Dataset extract »

_ _ _ _

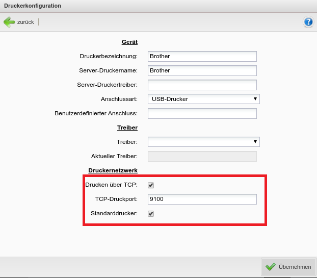 Aktivieren Sie unbedingt die Optionen  DRUCKEN ÜBER TCP  und  STANDARDDRUCKER  .
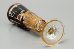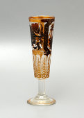Бокал конусовидной формы на ножке-столбике с круглым гладким основанием изготовлен из прозрачного бесцветного стекла методом выдувания. Верхняя часть корпуса декорирована ландшафтной композицией с фигуркой «китайца», помещённой в восьмиугольный резерв. На противоположной стороне изображена ветка с крупными цветами и листьями. Нижняя часть корпуса отшлифована девятью узкими ветками с узкими листьями. Роспись выполнена золотом и серебром. По краю слива положена отводка золотом. Стойка ножки отшлифована восеьмью узкими гранями.
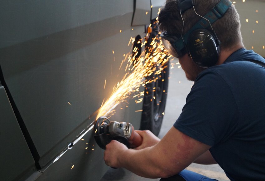 Tim: „Ich habe ein Maschinenbaustudium angefangen und war damit nicht glücklich, es war mir einfach zu theoretisch. Wie die meisten hier habe ich schon zu Hause viel geschraubt und wollte deswegen auch lieber praktisch arbeiten. Rheinmetall habe ich gewählt, weil ich mir schon Gedanken mache, wie es in der Fahrzeugindustrie insgesamt weitergehen wird. Rheinmetall ist ein sicherer Arbeitgeber. Dazu kommt, dass die Arbeit aufgrund der verschiedenen, außergewöhnlichen Fahrzeuge, an die man sonst nie rankommen würde, besonders spannend ist.“
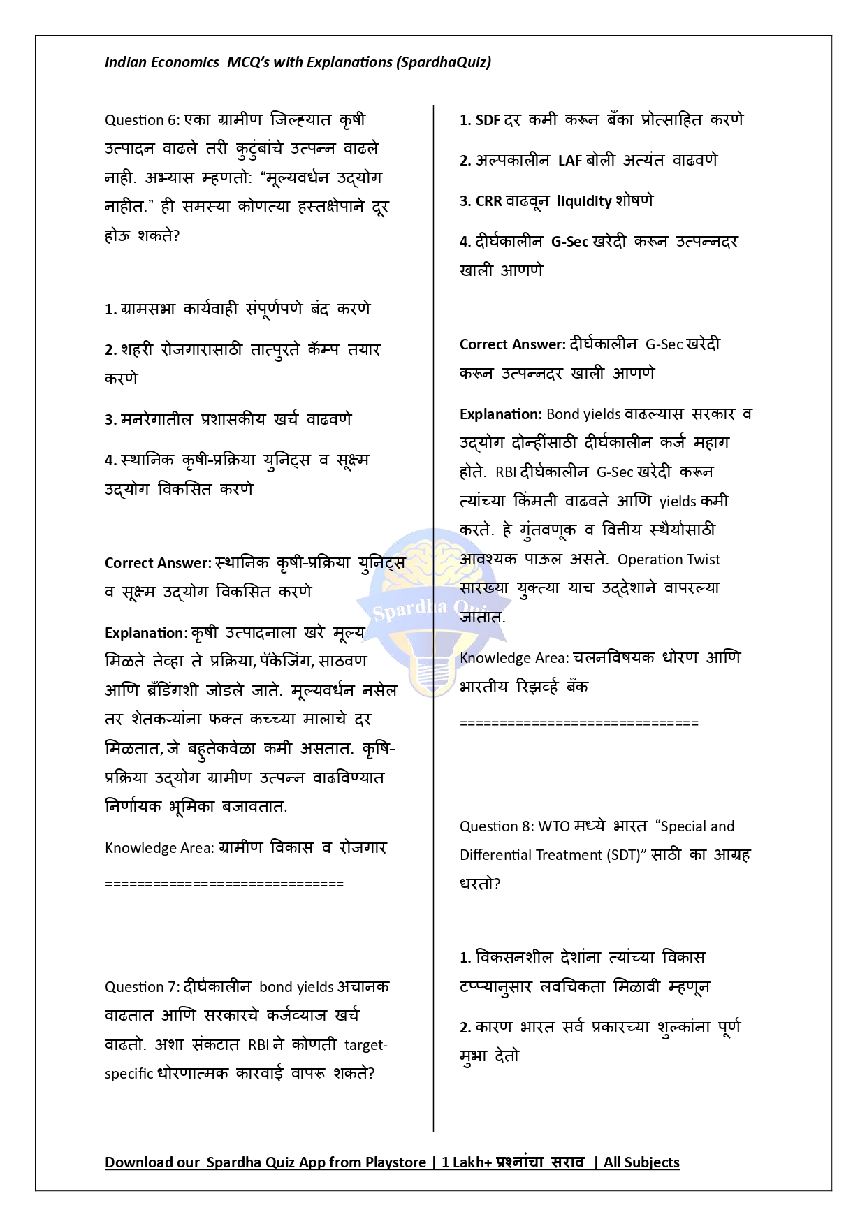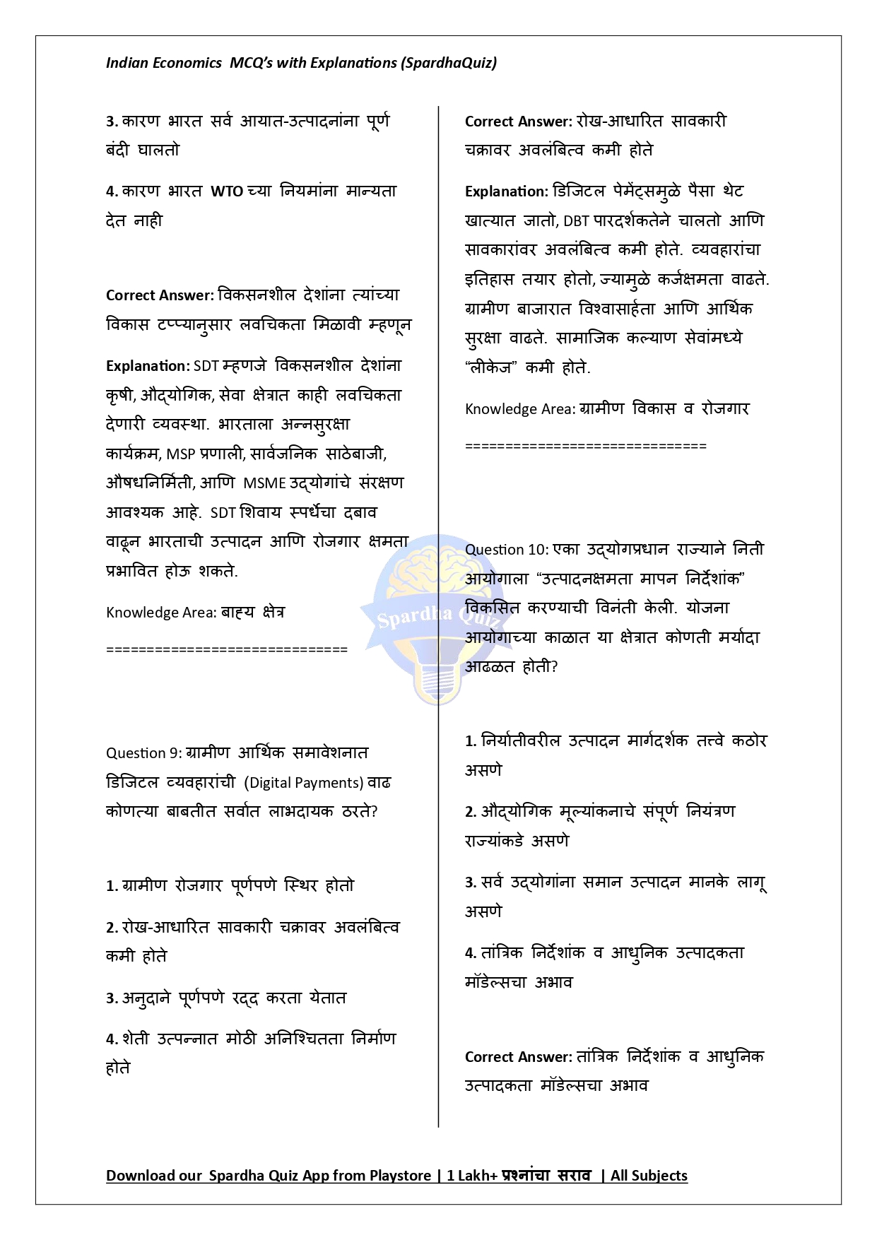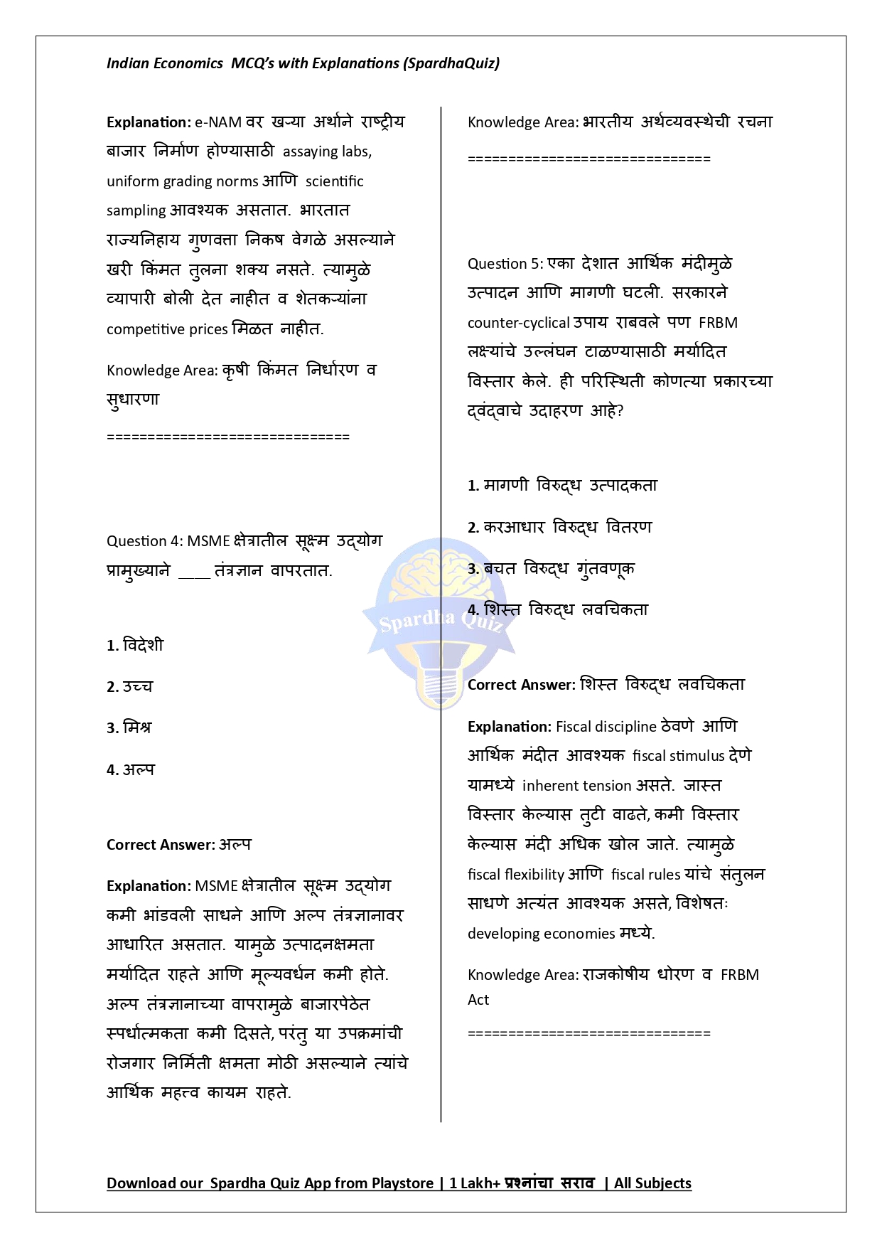 рд╣реЗ рдИ-рдмреБрдХ рднрд╛рд░рддреАрдп рдЕрд░реНрдерд╢рд╛рд╕реНрддреНрд░рд╛рддреАрд▓ рдкреНрд░рдореБрдЦ рд╕рдВрдХрд▓реНрдкрдирд╛рдВрд╡рд░ рдЖрдзрд╛рд░рд┐рдд рдмрд╣реБрдкрд░реНрдпрд╛рдпреА рдкреНрд░рд╢реНрдирд╛рдВрдЪреЗ (MCQs) рдЕрдЪреВрдХ, рдЕрджреНрдпрдпрд╛рд╡рдд рдЖрдгрд┐ рдкрд░реАрдХреНрд╖рд╛-рдкрджреНрдзрддреАрдиреБрд╕рд╛рд░ рд╕рдВрдХрд▓рд┐рдд рдХреЗрд▓реЗрд▓реЗ рдорд╛рд░реНрдЧрджрд░реНрд╢рдХ рдЖрд╣реЗ. рд░рд╛рд╖реНрдЯреНрд░реАрдп рдЙрддреНрдкрдиреНрди, рдкрдВрдЪрд╡рд╛рд░реНрд╖рд┐рдХ рдпреЛрдЬрдирд╛, рдЖрд░реНрдерд┐рдХ рд╕реБрдзрд╛рд░рдгрд╛, рдХреГрд╖реА рд╡ рдФрджреНрдпреЛрдЧрд┐рдХ рд╡рд┐рдХрд╛рд╕, рд╕рд╛рд░реНрд╡рдЬрдирд┐рдХ рд╡рд┐рддреНрдд, рдЪрд▓рдирд╡рд┐рд╖рдпрдХ рдзреЛрд░рдг, рдмрдБрдХрд┐рдВрдЧ рд╡реНрдпрд╡рд╕реНрдерд╛, рдорд╣рд╛рдЧрд╛рдИ, рдмреЗрд░реЛрдЬрдЧрд╛рд░реА, рдЧрд░реАрдмреА, рдирд┐рд░реНрдпрд╛рддтАУрдЖрдпрд╛рдд, рдЖрд░реНрдерд┐рдХ рд╕рд░реНрд╡реЗрдХреНрд╖рдг рдЖрдгрд┐ рдЕрд░реНрдерд╕рдВрдХрд▓реНрдк рдпрд╛ рд╕рд░реНрд╡ рдорд╣рддреНрддреНрд╡рд╛рдЪреНрдпрд╛ рдШрдЯрдХрд╛рдВрд╡рд░реАрд▓ рдкреНрд░рд╢реНрди рд╕реНрдкрд╖реНрдЯ рд╡ рд╕рд░рд│ рдЙрддреНрддрд░реЗрд╕рд╣ рджрд┐рд▓реЗ рдЖрд╣реЗрдд. рднрд╛рд░рддреАрдп рдЕрд░реНрдерд╡реНрдпрд╡рд╕реНрдереЗрдЪреА рддрдереНрдпрд╛рддреНрдордХ рддрд╕реЗрдЪ рд╕рдВрдХрд▓реНрдкрдирд╛рддреНрдордХ рд╕рдордЬ рдордЬрдмреВрдд рдХрд░рдгреНрдпрд╛рд╕рд╛рдареА рд╣реЗ рдИ-рдмреБрдХ MPSC, UPSC, SSC, Railway, Banking рдЖрдгрд┐ рд╕рд░реНрд╡ рд╕реНрдкрд░реНрдзрд╛ рдкрд░реАрдХреНрд╖рд╛рдВрд╕рд╛рдареА рдЕрддреНрдпрдВрдд рдЙрдкрдпреБрдХреНрдд рдард░рддреЗ.

_ _ _ _

Problem statement » Leave out the pictures and restate, word for word, the lines from the top of the data through the line containing "Tim: „Ich habe", both included.

Answer space »
 Aktivieren Sie unbedingt die Optionen  DRUCKEN ÜBER TCP  und  STANDARDDRUCKER  .
Бокал конусовидной формы на ножке-столбике с круглым гладким основанием изготовлен из прозрачного бесцветного стекла методом выдувания. Верхняя часть корпуса декорирована ландшафтной композицией с фигуркой «китайца», помещённой в восьмиугольный резерв. На противоположной стороне изображена ветка с крупными цветами и листьями. Нижняя часть корпуса отшлифована девятью узкими ветками с узкими листьями. Роспись выполнена золотом и серебром. По краю слива положена отводка золотом. Стойка ножки отшлифована восеьмью узкими гранями.
 Tim: „Ich habe ein Maschinenbaustudium angefangen und war damit nicht glücklich, es war mir einfach zu theoretisch. Wie die meisten hier habe ich schon zu Hause viel geschraubt und wollte deswegen auch lieber praktisch arbeiten. Rheinmetall habe ich gewählt, weil ich mir schon Gedanken mache, wie es in der Fahrzeugindustrie insgesamt weitergehen wird. Rheinmetall ist ein sicherer Arbeitgeber. Dazu kommt, dass die Arbeit aufgrund der verschiedenen, außergewöhnlichen Fahrzeuge, an die man sonst nie rankommen würde, besonders spannend ist.“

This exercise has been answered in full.